__WORK REQUIRED__.
Lines from the one holding "Teman-teman yang baik, pendaftaran" through the end of the entries, inclusive, form the whole output; reproduce them exactly and omit pictures.

(RECORDS FOR THE EXERCISE begins)

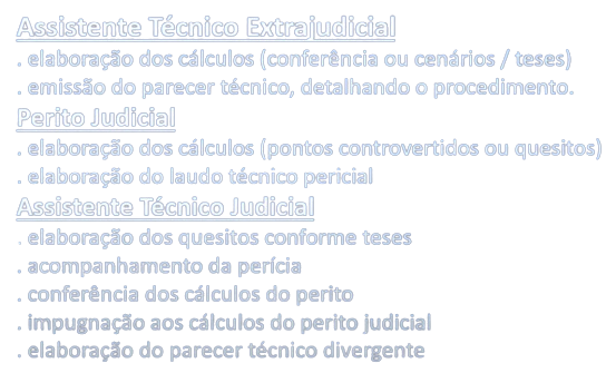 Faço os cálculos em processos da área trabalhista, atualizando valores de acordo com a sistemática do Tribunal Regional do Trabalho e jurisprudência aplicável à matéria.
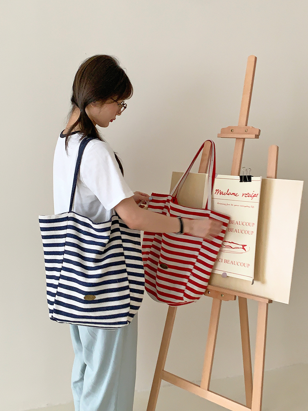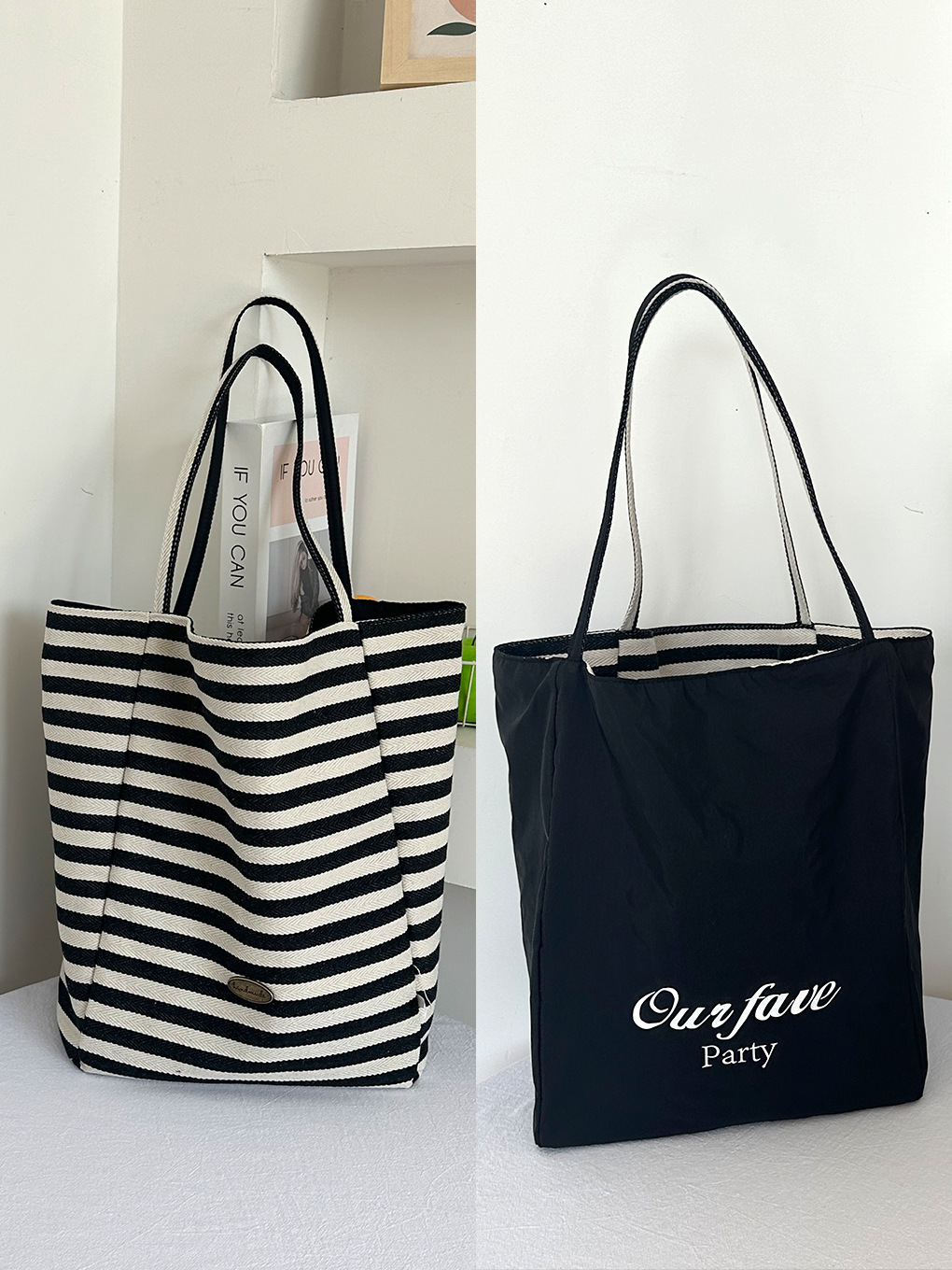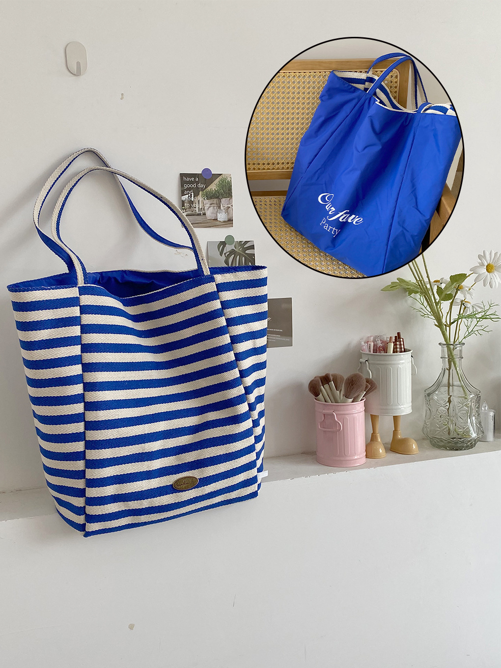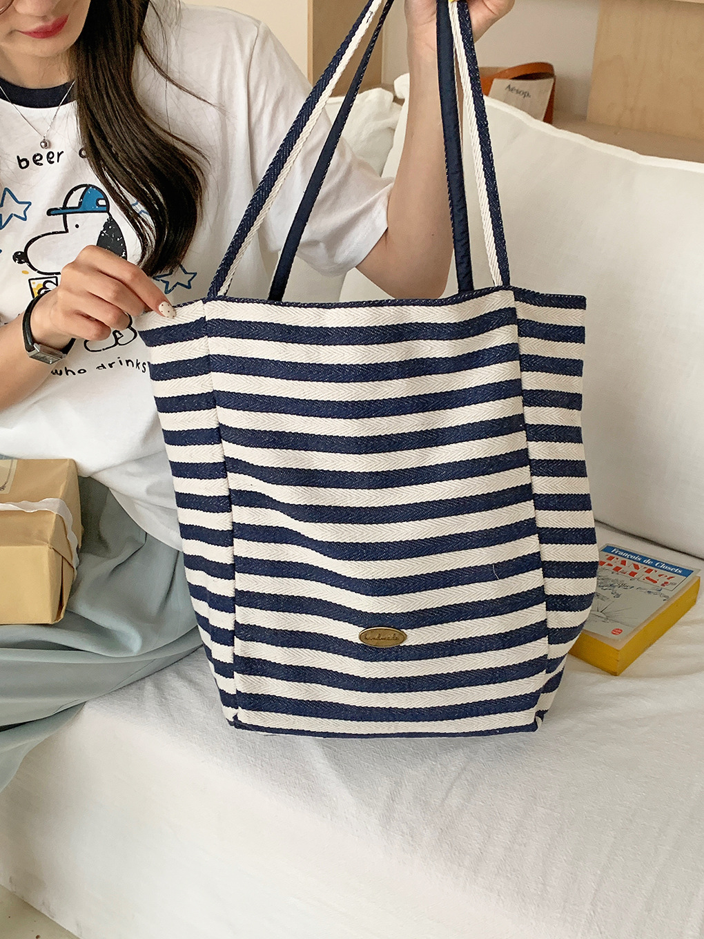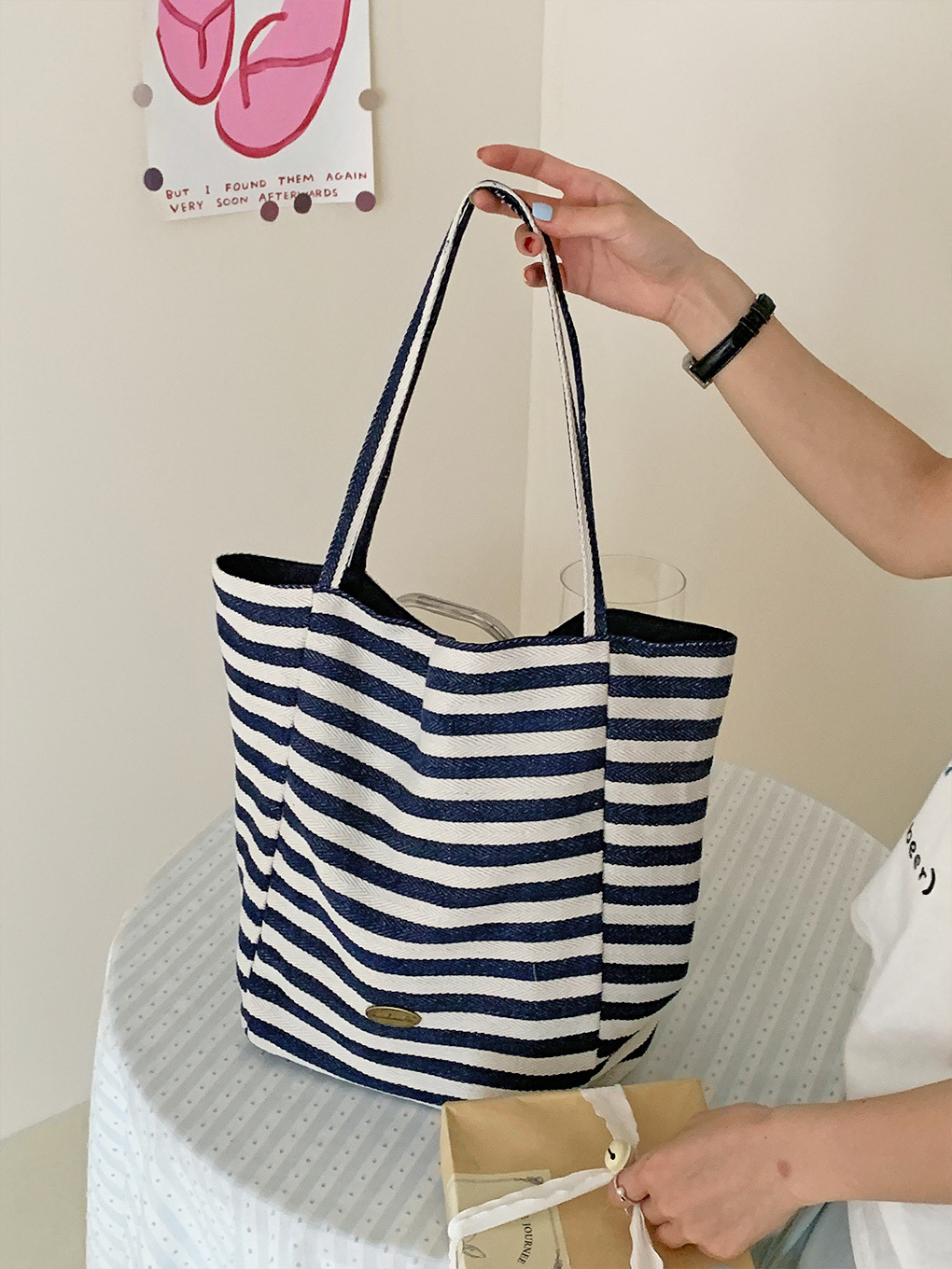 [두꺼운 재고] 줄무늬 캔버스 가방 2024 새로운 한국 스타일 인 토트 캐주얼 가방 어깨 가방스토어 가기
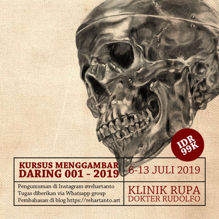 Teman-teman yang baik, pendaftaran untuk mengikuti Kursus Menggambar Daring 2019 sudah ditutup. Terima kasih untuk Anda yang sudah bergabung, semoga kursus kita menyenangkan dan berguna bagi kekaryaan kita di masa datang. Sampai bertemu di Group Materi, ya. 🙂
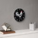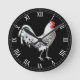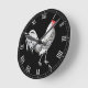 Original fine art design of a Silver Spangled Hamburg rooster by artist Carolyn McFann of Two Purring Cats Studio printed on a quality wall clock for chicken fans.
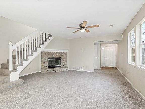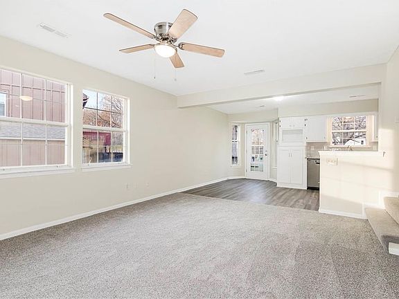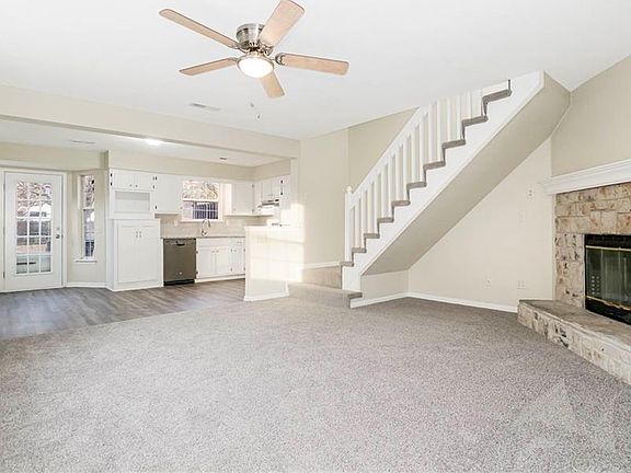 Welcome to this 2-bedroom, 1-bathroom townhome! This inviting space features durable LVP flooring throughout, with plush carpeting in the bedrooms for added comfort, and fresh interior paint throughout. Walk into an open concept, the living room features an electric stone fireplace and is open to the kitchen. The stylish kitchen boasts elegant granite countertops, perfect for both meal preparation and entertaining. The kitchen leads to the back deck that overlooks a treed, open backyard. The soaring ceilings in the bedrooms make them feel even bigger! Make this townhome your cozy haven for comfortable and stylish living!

(RECORDS FOR THE EXERCISE ends)

__WRITTEN RESPONSE__.
 Teman-teman yang baik, pendaftaran untuk mengikuti Kursus Menggambar Daring 2019 sudah ditutup. Terima kasih untuk Anda yang sudah bergabung, semoga kursus kita menyenangkan dan berguna bagi kekaryaan kita di masa datang. Sampai bertemu di Group Materi, ya. 🙂
 Original fine art design of a Silver Spangled Hamburg rooster by artist Carolyn McFann of Two Purring Cats Studio printed on a quality wall clock for chicken fans.
 Welcome to this 2-bedroom, 1-bathroom townhome! This inviting space features durable LVP flooring throughout, with plush carpeting in the bedrooms for added comfort, and fresh interior paint throughout. Walk into an open concept, the living room features an electric stone fireplace and is open to the kitchen. The stylish kitchen boasts elegant granite countertops, perfect for both meal preparation and entertaining. The kitchen leads to the back deck that overlooks a treed, open backyard. The soaring ceilings in the bedrooms make them feel even bigger! Make this townhome your cozy haven for comfortable and stylish living!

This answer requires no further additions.